- [WHAT TO PRODUCE]:
All of the listing must be given again exactly, except that the images are dropped.

- [SOURCE DATA]:
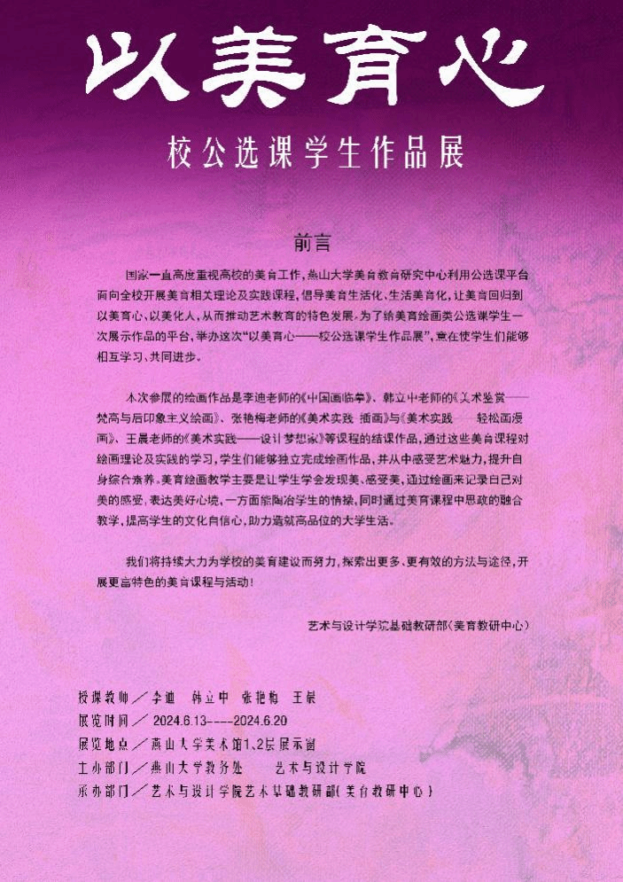 2024年6月13日,“以美育心”校公选课结课作品展在91麻豆
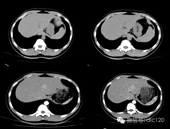 患者,女,50歲,農民。 因右上腹疼痛1月余,外院B超診斷為肝癌入我院治療。既往無肝炎病史,無飲酒史,無遺傳病史,無高血壓糖尿病史。 體檢:神志清楚,正力體型,皮膚鞏膜無黃染;心肺聽診未見異常;腹軟,肝脾肋下未及,腹水征陰性,雙下肢無水腫。 入院后輔助檢查:甲胎蛋白正常,肝功能正常,血常規正常,便常規見膿球1~3個,HBV和HCV相關病原學檢查陰性。 CT檢
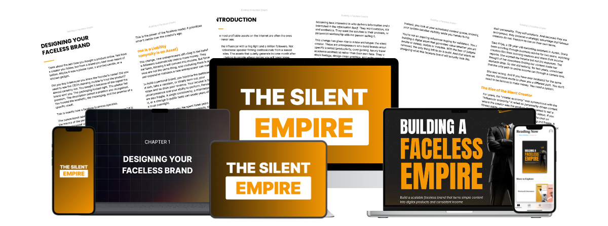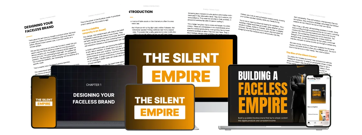 Building a Faceless Empire eBook: A comprehensive, easy-to-follow guide that walks you through building a profitable faceless digital business from the ground up. You will learn how to choose the right niche, create content that captures attention, build simple digital products, and turn that attention into consistent income using a clear system you can follow and scale at your own pace.

- [YOUR SOLUTION]:
 2024年6月13日,“以美育心”校公选课结课作品展在91麻豆
 患者,女,50歲,農民。 因右上腹疼痛1月余,外院B超診斷為肝癌入我院治療。既往無肝炎病史,無飲酒史,無遺傳病史,無高血壓糖尿病史。 體檢:神志清楚,正力體型,皮膚鞏膜無黃染;心肺聽診未見異常;腹軟,肝脾肋下未及,腹水征陰性,雙下肢無水腫。 入院后輔助檢查:甲胎蛋白正常,肝功能正常,血常規正常,便常規見膿球1~3個,HBV和HCV相關病原學檢查陰性。 CT檢
 Building a Faceless Empire eBook: A comprehensive, easy-to-follow guide that walks you through building a profitable faceless digital business from the ground up. You will learn how to choose the right niche, create content that captures attention, build simple digital products, and turn that attention into consistent income using a clear system you can follow and scale at your own pace.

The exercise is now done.